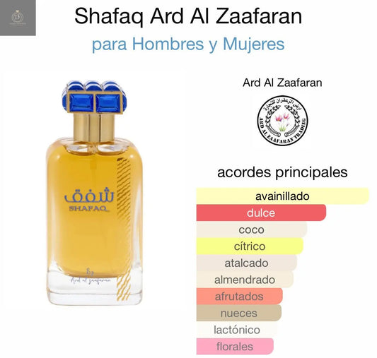 SHAFAQ Ard Al Zafaaran Lattafa 100mlPrecio habitual €26,00Precio habitualPrecio unitario / por€35,00Precio de oferta €26,00Oferta
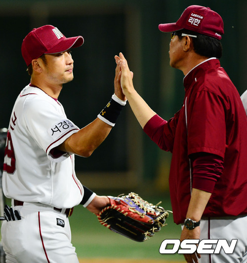 경기를 마치고 넥센 이택근이 김시진 감독과 하이파이브를 하고 있다. / rumi@osen.co.kr
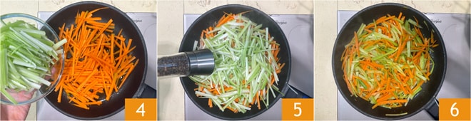 Em uma panela, coloque um fio de azeite, adicione as cenouras 4, acrescente o aipo 4 e tempere com sal e pimenta 5. Refogue em fogo alto por 5 minutos 6.
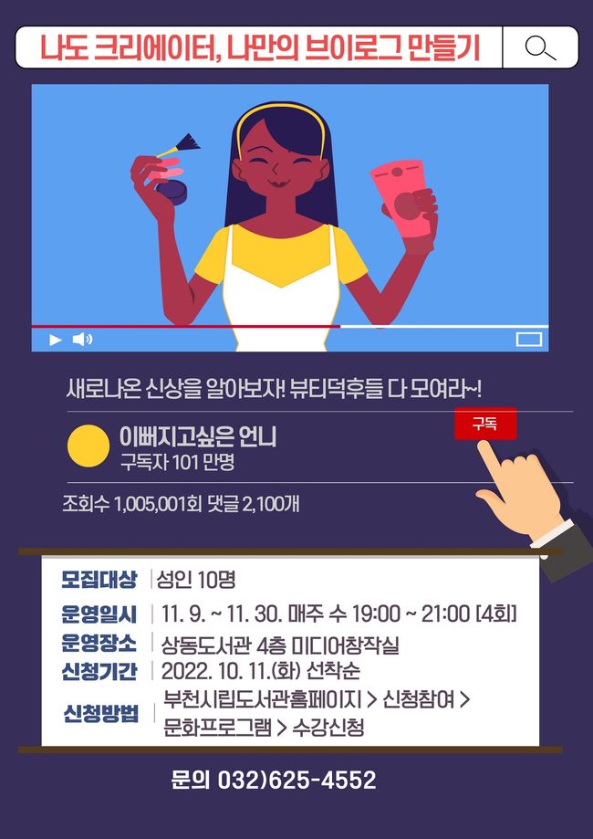 부천시, 시민 대상 맞춤형 독서·미디어 크리에이터 교육 총집합 - 깊어가는 가을 상동도서관 10~11월 연령별 문화프로그램 운영
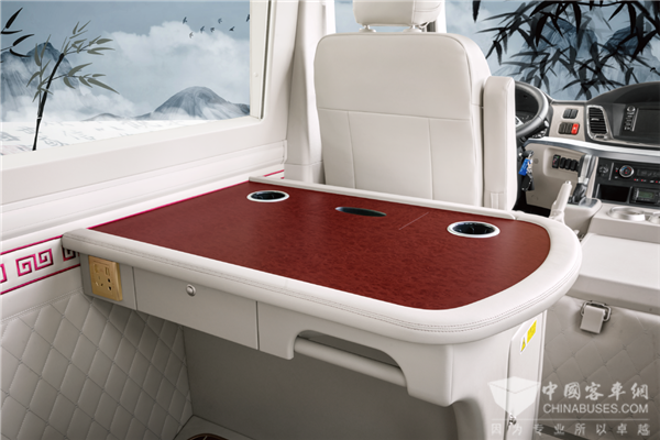 以满足不同的出行场景来说,宇通T7星宇版在每一个细节都做的十分到位。比如为了让乘客更加无忧地办公,车内配备首长椅+真皮座椅、豪华办公桌、秘书桌等,车载WiFi、220V电源、USB插口等等,堪称“移动的办公室”;比如为了乘客保证旅途中的舒适度,车内设置前后分区空调,乘客区、驾驶区温度可以独立控制,满足不同乘坐需求。
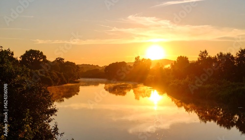 © Resa, Obraz premium Calm river reflecting a vibrant sunrise, mist hangs low over the water
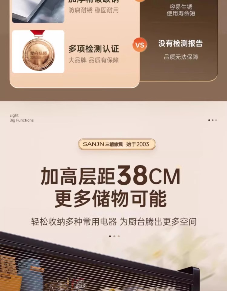 三箭厨房置物架落地多层收纳柜子
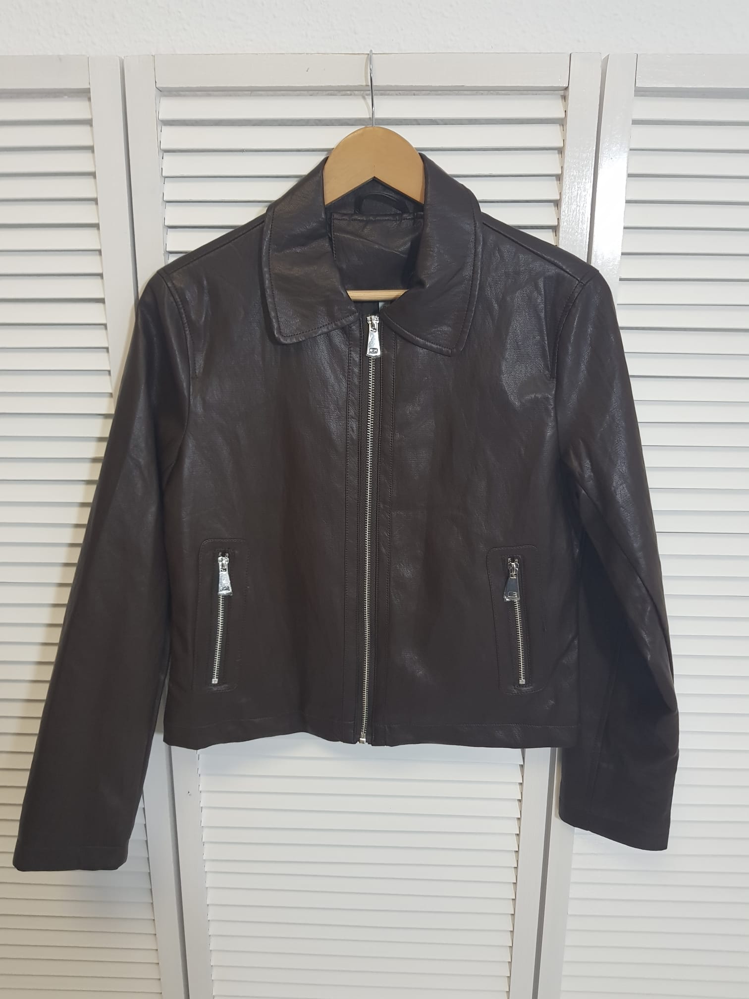 Chaqueta efecto piel marron.
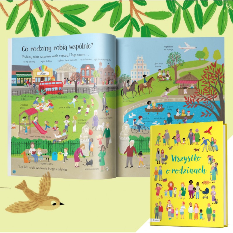 Ta pięknie ilustrowana książka mówi m.in. o tym, kto jest kim w rodzinie, co to jest drzewo genealogiczne, jak na całym świecie wyglądają domy, codzienność i święta rodzinne. Pokazuje rozmowy, uczucia, zabawy – na wszystkich kontynentach.
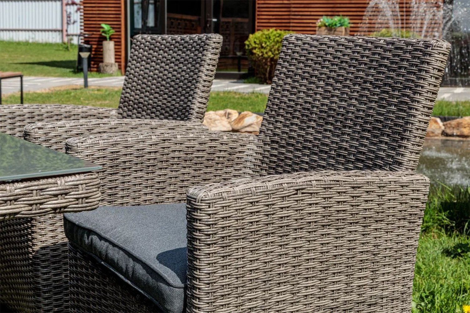 Серый цвет – универсальный оттенок для обустройства любого пространства. На природе, когда хочется наслаждаться только окружающей погодой, не хочется обставлять пространство отдыха яркими цветами, и серый комплект Фиона для этого отлично подойдет. В таком комплекте сможет разместиться до 6 взрослых людей, которые смогут насладиться полноценным обедом. В набор входят 6 кресел размером 58х89х60 см и просторный обеденный стол 160х74х90 см. такой набор может быть поставлен как на улице, так и в тепле помещения – дизайн и материалы отлично позволяют сделать это.
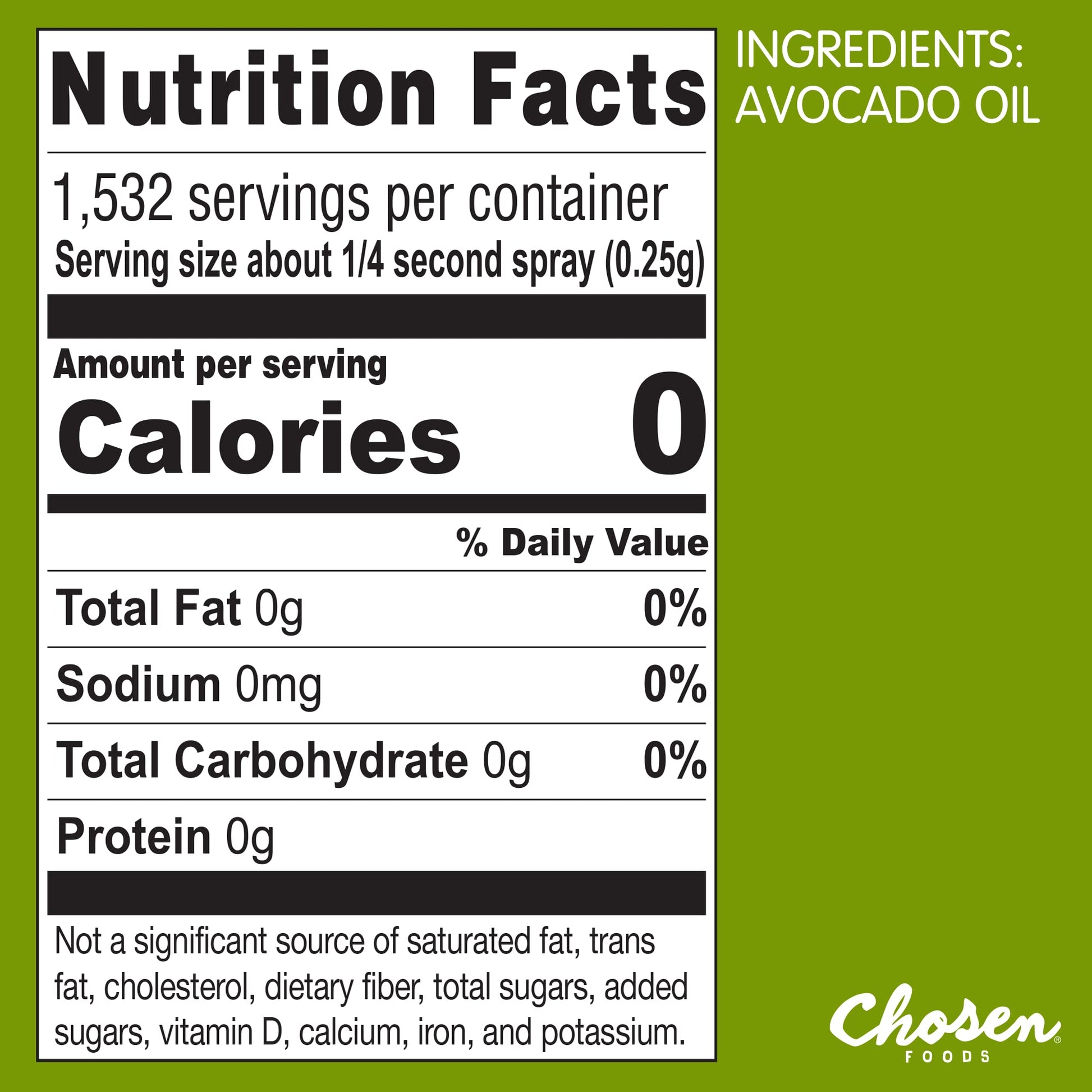 - Q: What sizes are available for Chosen Foods Avocado Oil Spray? A: Chosen Foods Avocado Oil Spray is available in a convenient 13.5-ounce can, sold in a pack of 2, providing ample supply for all your cooking needs.
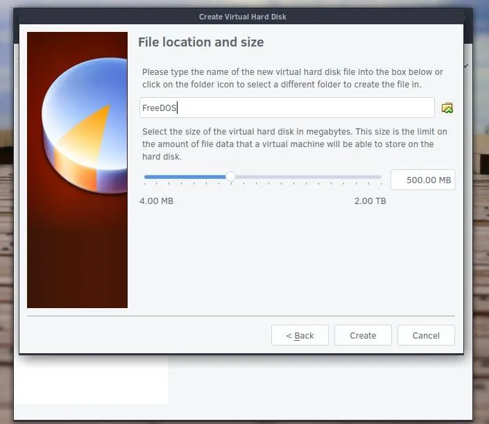 下一步,你会被要求创建一个虚拟硬盘用来存储 FreeDOS 和它的文件。如果你还没有创建,只需要点击 “Create”。
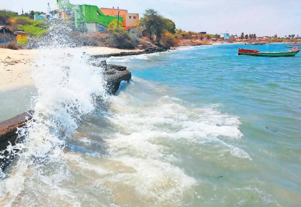 காற்றின் வேகத்தால் கீழடி ஜெட்டிப்பாலம் அருகே சீறி எழுந்த கடல் அலை
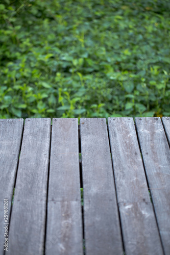 Fototapeta premium Old plank woods on green plant
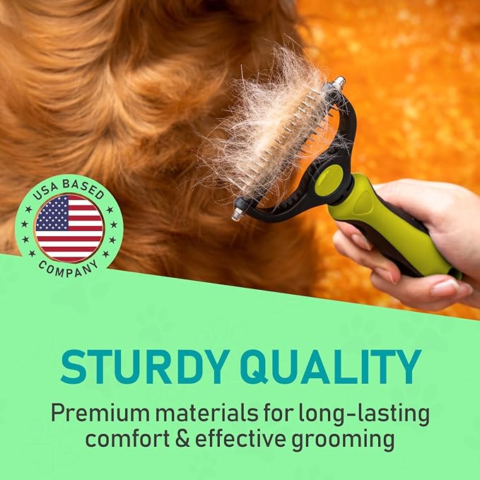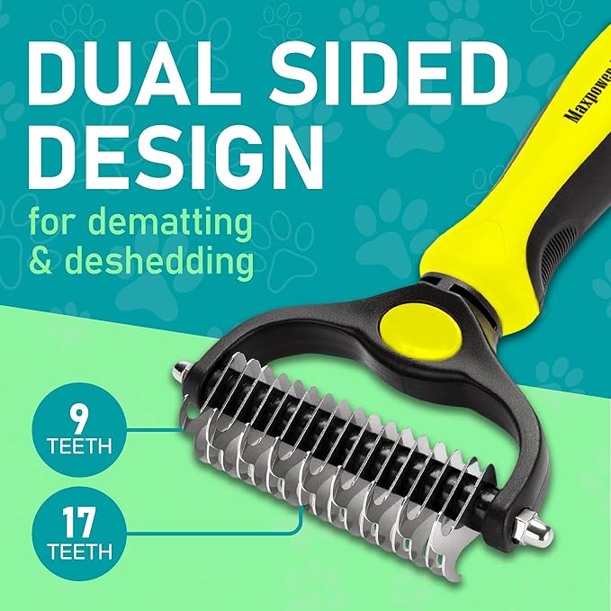 • DUAL-SIDED DESIGN: Our grooming brush is perfect for dematting and deshedding your pet's coat! With a dual-sided design, use the 9-teeth side to tackle stubborn mats and tangles and the 17-teeth deshedding tool side to thin out your pet's fur. Gently desheds and removes loose hair and eliminates tangles, knots, dander, and trapped dirt.

**What to work on**
Print the material exactly as given, but not the pictures.

**Solution for this task**
 SHAFAQ Ard Al Zafaaran Lattafa 100mlPrecio habitual €26,00Precio habitualPrecio unitario / por€35,00Precio de oferta €26,00Oferta
 경기를 마치고 넥센 이택근이 김시진 감독과 하이파이브를 하고 있다. / rumi@osen.co.kr
 Em uma panela, coloque um fio de azeite, adicione as cenouras 4, acrescente o aipo 4 e tempere com sal e pimenta 5. Refogue em fogo alto por 5 minutos 6.
 부천시, 시민 대상 맞춤형 독서·미디어 크리에이터 교육 총집합 - 깊어가는 가을 상동도서관 10~11월 연령별 문화프로그램 운영
 以满足不同的出行场景来说,宇通T7星宇版在每一个细节都做的十分到位。比如为了让乘客更加无忧地办公,车内配备首长椅+真皮座椅、豪华办公桌、秘书桌等,车载WiFi、220V电源、USB插口等等,堪称“移动的办公室”;比如为了乘客保证旅途中的舒适度,车内设置前后分区空调,乘客区、驾驶区温度可以独立控制,满足不同乘坐需求。
 © Resa, Obraz premium Calm river reflecting a vibrant sunrise, mist hangs low over the water
 三箭厨房置物架落地多层收纳柜子
 Chaqueta efecto piel marron.
 Ta pięknie ilustrowana książka mówi m.in. o tym, kto jest kim w rodzinie, co to jest drzewo genealogiczne, jak na całym świecie wyglądają domy, codzienność i święta rodzinne. Pokazuje rozmowy, uczucia, zabawy – na wszystkich kontynentach.
 Серый цвет – универсальный оттенок для обустройства любого пространства. На природе, когда хочется наслаждаться только окружающей погодой, не хочется обставлять пространство отдыха яркими цветами, и серый комплект Фиона для этого отлично подойдет. В таком комплекте сможет разместиться до 6 взрослых людей, которые смогут насладиться полноценным обедом. В набор входят 6 кресел размером 58х89х60 см и просторный обеденный стол 160х74х90 см. такой набор может быть поставлен как на улице, так и в тепле помещения – дизайн и материалы отлично позволяют сделать это.
 - Q: What sizes are available for Chosen Foods Avocado Oil Spray? A: Chosen Foods Avocado Oil Spray is available in a convenient 13.5-ounce can, sold in a pack of 2, providing ample supply for all your cooking needs.
 下一步,你会被要求创建一个虚拟硬盘用来存储 FreeDOS 和它的文件。如果你还没有创建,只需要点击 “Create”。
 காற்றின் வேகத்தால் கீழடி ஜெட்டிப்பாலம் அருகே சீறி எழுந்த கடல் அலை
 Fototapeta premium Old plank woods on green plant
 • DUAL-SIDED DESIGN: Our grooming brush is perfect for dematting and deshedding your pet's coat! With a dual-sided design, use the 9-teeth side to tackle stubborn mats and tangles and the 17-teeth deshedding tool side to thin out your pet's fur. Gently desheds and removes loose hair and eliminates tangles, knots, dander, and trapped dirt.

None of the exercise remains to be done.